Distribuição geográfica e estado de conservação
A espécie ocorre do México até a Argentina, mas a população brasileira concentra-se principalmente no Pantanal, na Amazônia e, de forma mais fragmentada, na Mata Atlântica. No Cerrado, os registros são esporádicos e indicam populações pequenas e isoladas. O status de conservação é vulnerável segundo o IUCN e crítico no contexto brasileiro, onde a perda de habitat e a caça ilegal permanecem como pressões diretas. O trafico de partes do corpo para a medicina tradicional e o comércio ilegal de animais vivos responde por uma parcela significativa da mortalidade em áreas de fronteira, especialmente na região centro-oeste.
Em áreas protegidas com fiscalização ativa, como o Parque Nacional da Serra da Canastra e unidades de conservação no Pantanal matogrossense, a densidade de onças pode chegar a dois indivíduos a cada cem quilômetros quadrados. Fora dessas áreas, os números caem drasticamente, e avistamentos tornam-se raros a poucos quilômetros de estradas pavimentadas.
O que não funciona ao tentar estudar ou observar onças
Usar luz branca forte durante o dia para encontrar marcas de unhas em árvores é ineficiente. As marcas são melhor visualizadas no final da tarde, com luz lateral, quando as sombras realçam os sulcos nos troncos. Durante o dia, a luz difusa do dossel torna as marcas praticamente invisíveis a mais de dois metros de distância. Também não adianta tentar seguir rastros de pés frescos em solos argilosos após chuvas fortes. A chuva dilui os contornos e em poucas horas o rastro perde a nitidez necessária para identificação precisa de direção e velocidade. O melhor horário para coletar pistas de caminhada é nas primeiras horas da manhã, antes que o sol seque o solo e as pegadas se deformem.

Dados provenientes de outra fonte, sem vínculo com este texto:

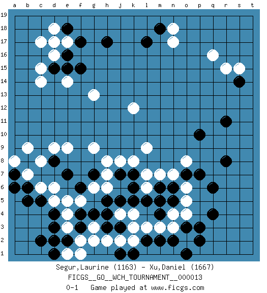 Last move : 0-1 2015 November 7 21:11:47 [Event "FICGS__GO__WCH_TOURNAMENT__000013"] [Site "FICGS"] [Date "2015.07.02"] [Round "1"] [Black "Segur,Laurine"] [White "Xu,Daniel"] [Result "0-1"] [Rating 1 "1163"] [Rating 2 "1667"] 1.d4 q16 2.q4 d16 3.f17 c14 4.d17 c17 5.e16 d18 6.e18 e17 7.f15 d17 8.d15 c15 9.h17 n17 10.l17 r15 11.r8 k3 12.h3 n3 13.o3 o2 14.p2 o4 15.p3 n4 16.o1 c6 17.c5 d6 18.r11 e4 19.d3 e3 20.b6 b7 21.b5 c8 22.h5 d5 23.e2 f2 24.c2 g3 25.g4 h2 26.g7 g9 27.e7 e9 28.d8 d9 29.s14 s15 30.k6 e14 31.e15 g13 32.m6 o6 33.q6 l7 34.p10 l6 35.j7 h8 36.l5 m7 37.m4 k4 38.k5 j8 39.n6 n7 40.o7 m5 41.n5 o5 42.m5 m3 43.k7 k8 44.j3 j4 45.h4 j2 46.l2 l3 47.m2 k2 48.f4 e5 49.f3 g2 50.n2 h7 51.j5 g6 52.k1 e1 53.d2 o8 54.p7 l9 55.m18 n18 56.d1 f1 57.f6 f5 58.b8 b9 59.a7 a8 60.a6 k12 61.j1 h6 0-1 Here are the names of the openings (joseki) played in the four corners : Corner d16 : d16 f17 Hoshi (Hwajeom, Seongjeom, Xingwei`) 4-4 Point. The star or hoshi (4-4) point, emphasizing influence at the potential expense of territory. Ikken Kakari (Hankan Keolch'im, Yi Gua`jiao~, 1-Space Low Approach). Black 2 is the standard approach move to the 4-4. Player White won this Go (weiqi, baduk) game. Follow this game move after move (download)Grab the border points between two moyos. (Anonymous) Life is pleasant. Death is peaceful. It's the transition that's troublesome. (Isaac Asimov)

Acreditar que onças vivem perto de fontes de água o tempo todo é um equívoco comum. Elas utilizam corpos d'água, mas também podem percorrer muitos quilômetros sem acessar qualquer riacho, especialmente em épocas de chuva intensa quando a umidade do solo e a presença de presas em áreas mais distantes sustentam sua movimentação. O conhecimento sobre a biologia dessa espécie evolui rapidamente com o uso de tecnologias como collares GPS, câmeras com inteligência artificial e análise genética não invasiva de fezes. Cada região tem particularidades que exigem adaptação dos métodos de estudo, e o que funciona no Pantanal nem sempre se aplica à Amazônia ou à Mata Atlântica.